Au Canada comme à Denver, consommer de la marijuana n’est pas en soi une marque de progressisme. Mais force est de constater que la légalisation et le contrôle de cette drogue douce s’imposaient naturellement au sein de la société canadienne. En dépit de l’interdiction, des herbes aux provenances douteuses se trouvent tout de même partout au pays, et le taux de consommation des jeunes Canadiens atteint des sommets. Le système de justice déborde d’infractions mineures, le crime organisé prospère et s’en vient même désormais décharger ses mitrailleuses au centre-ville de la paisible Whitehorse.
Les éternels adversaires de la légalisation, conservateurs en tête, doivent ainsi comprendre que la légalisation n’est pas un encouragement à une consommation d’herbe débridée. Au contraire, c’est une position responsable qui permettra d’assécher les caisses du crime au profit de l’État. Au-delà des recettes fiscales et des nombreux projets utiles que ces revenus supplémentaires permettront de financer, les consommateurs profiteront par ailleurs d’un produit de qualité sans avoir à frayer avec la pègre au détour d’une ruelle sombre. Les curieux qui jusqu’à alors respectaient la loi de peur de perdre leur droit à voyager, travailler ou étudier, s’essayeront peut-être maintenant à tirer sur une pipe à eau, mais combien seront-ils? Et les adolescents pour qui la fumette représentait un pied de nez aux autorités policières ou parentales, ceux-là perdront peut-être au contraire leur seule raison de consommer.

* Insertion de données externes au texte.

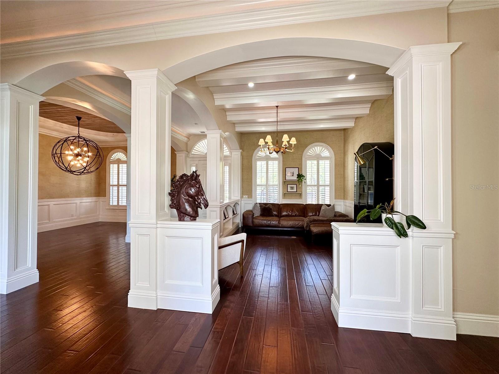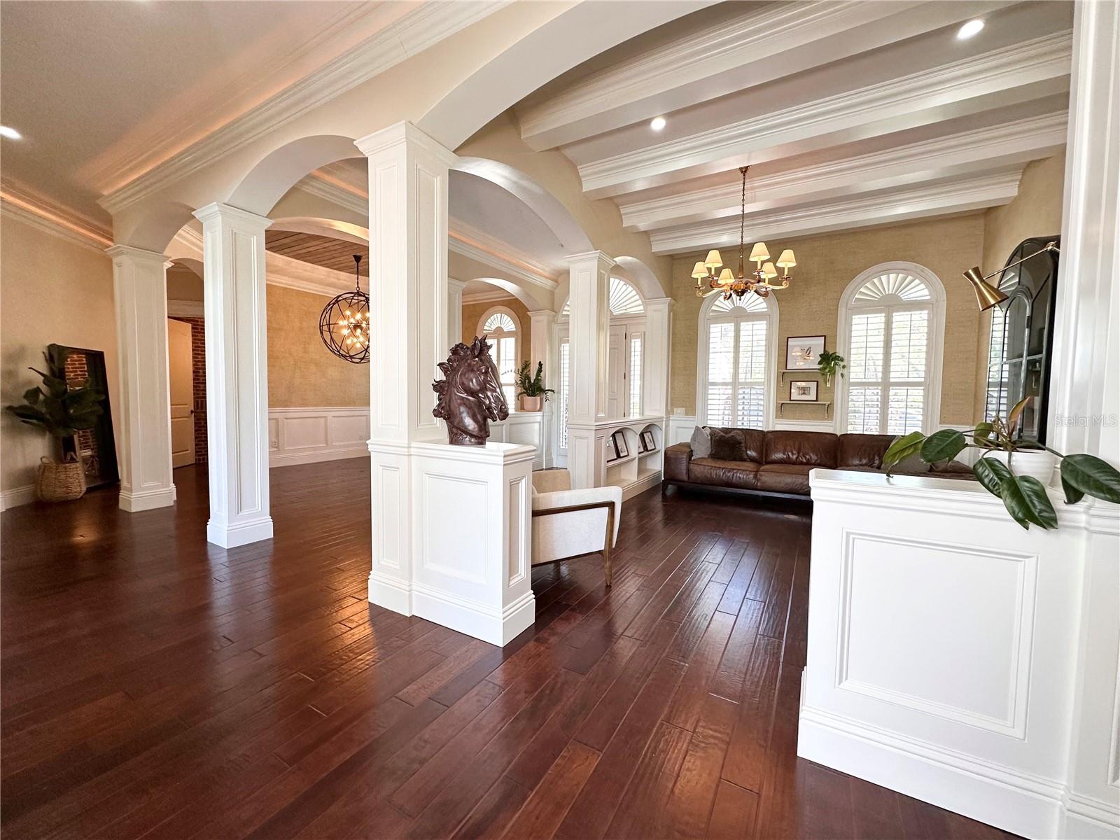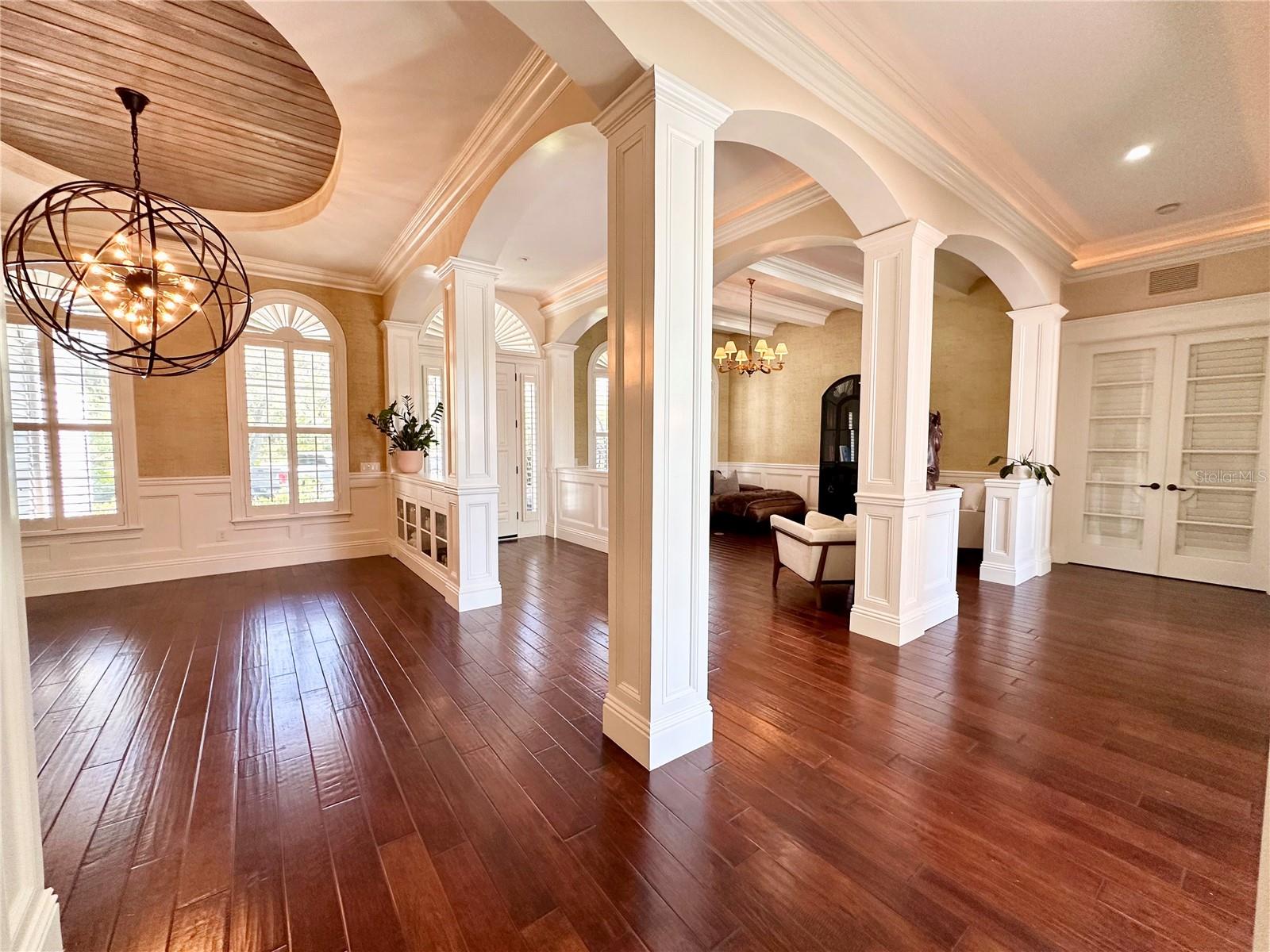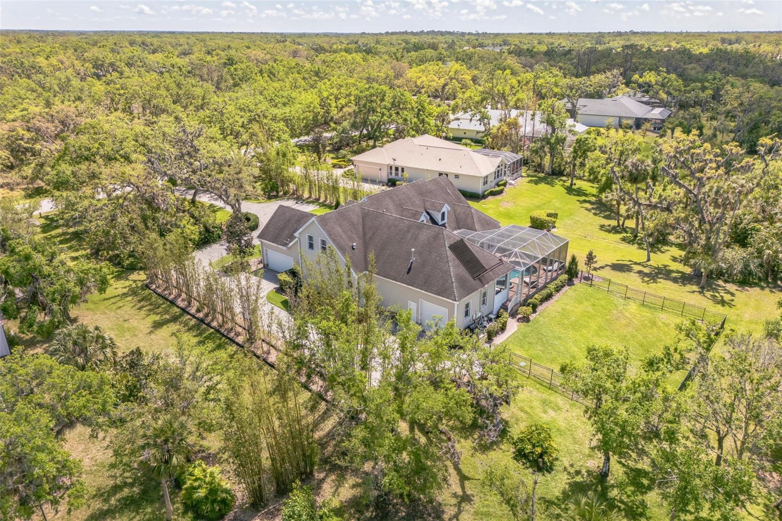 Welcome to 1570 Oakford Rd, a breathtaking 4-bedroom, 2 full-bath, 2 half-bath estate with 4,300 sq. ft. of living space, nestled on just under an acre of lush, private land. Surrounded by mature trees—including magnolias, oaks, cedars, and bamboo—this home offers unparalleled privacy and serenity, where you can often spot deer grazing in the backyard. Thoughtfully positioned on the lot, this home provides ample space in both the front and backyards, ensuring plenty of privacy. As you approach, a spacious front porch welcomes you, set back from the road and framed by gorgeous landscaping. Step inside, and you’ll be captivated by the exceptional craftsmanship and attention to detail, from intricate woodwork to plantation shutters throughout the home. The high ceilings on both floors create an airy, elegant atmosphere, with coffered ceilings on the first floor adding a touch of grandeur. Custom lighting features and built-ins throughout the home, paired with dimmers in key areas, allow you to create a warm and inviting ambiance at any time of day. The gourmet kitchen is a chef’s dream, featuring a gas stove, premium upgraded appliances, and an open layout perfect for entertaining. Just off the kitchen, a cozy breakfast nook offers the perfect spot to enjoy morning coffee, while a separate formal dining room provides an elegant space for hosting dinner parties. The luxurious master suite, located on the ground floor, is a true retreat. It features tray ceilings with a custom finish, a grand double-door entry, and direct access to the pool area. The spa-like ensuite includes an oversized shower, travertine tile flooring and shower, his-and-hers sinks, and a private water closet. His-and-hers walk-in closets provide ample storage, completing this exquisite primary suite. The remaining three oversized bedrooms are located on the second floor, each easily accommodating a king-size bed. Throughout the home, French doors open onto the pool area, allowing for wonderful natural light and airflow. The back patio and pool area are elevated, offering a great view of the property and enhancing the home’s connection to its serene surroundings. Step outside to your caged pool and hot tub, an outdoor kitchen, and a fully fenced yard—perfect for gatherings or quiet evenings under the stars. For added convenience, the home features two attached garages, offering ample space for parking or storage. The double garage is equipped with a Tesla EV charger, making it ideal for electric vehicle owners. This home is a rare find, blending character, quality craftsmanship, and modern upgrades in a stunning natural setting. Don’t miss your chance to own this exceptional property—schedule your private tour today!

À l’instar des campagnes de prévention routière ou des actions de lutte contre les ravages de l’alcool, le gouvernement Trudeau devra donc investir du temps et de l’argent dans toute une série de mesures éducatives et préventives. De plus, il devra blinder son texte de loi afin de se protéger des abus et des possibles failles que les trafiquants affaiblis ne tarderaient pas à exploiter.
Vu de l’Europe notamment, où les débats nationaux sur la légalisation du cannabis traînent leurs guêtres depuis de trop nombreuses années, le jeune Trudeau fait donc probablement figure d’ovni. De l’autre côté de l’Atlantique, on s’interroge à juste titre sur les aspirations nouvelles de cet élégant politicien qui a par ailleurs confié s’être laissé tenter par les volutes du chanvre à « cinq ou six » reprises. On appréciera ici l’honnêteté de la démarche et l’équilibre d’une position en complète rupture avec la politique du gouvernement conservateur sortant. Son ancien chef de file, Stephen Harper, est lui resté pendant dix ans farouchement opposé à toute décriminalisation de la marijuana.
La Reine Élisabeth II, pour sa part, ne s’est pas prononcée sur ce thème lors de sa rencontre avec le premier ministre, le mois dernier. Avait-elle en mémoire le plaidoyer de la Reine Élisabeth I en faveur de la culture du chanvre? Se souvenait-elle sinon de la propension de la Reine Victoria d’Angleterre à recourir aux propriétés médicinales du cannabis pour soulager ses crampes menstruelles? Barack Obama, l’homme le plus puissant du monde, a fumé du cannabis, et l’un des pères fondateurs des États-Unis, George Washington, en possédait même des champs entiers. « Tirez le meilleur parti du chanvre indien et plantez-en partout », déclara un jour à ses hommes le premier président américain qui avait reconnu le potentiel de cette plante aux multiples usages.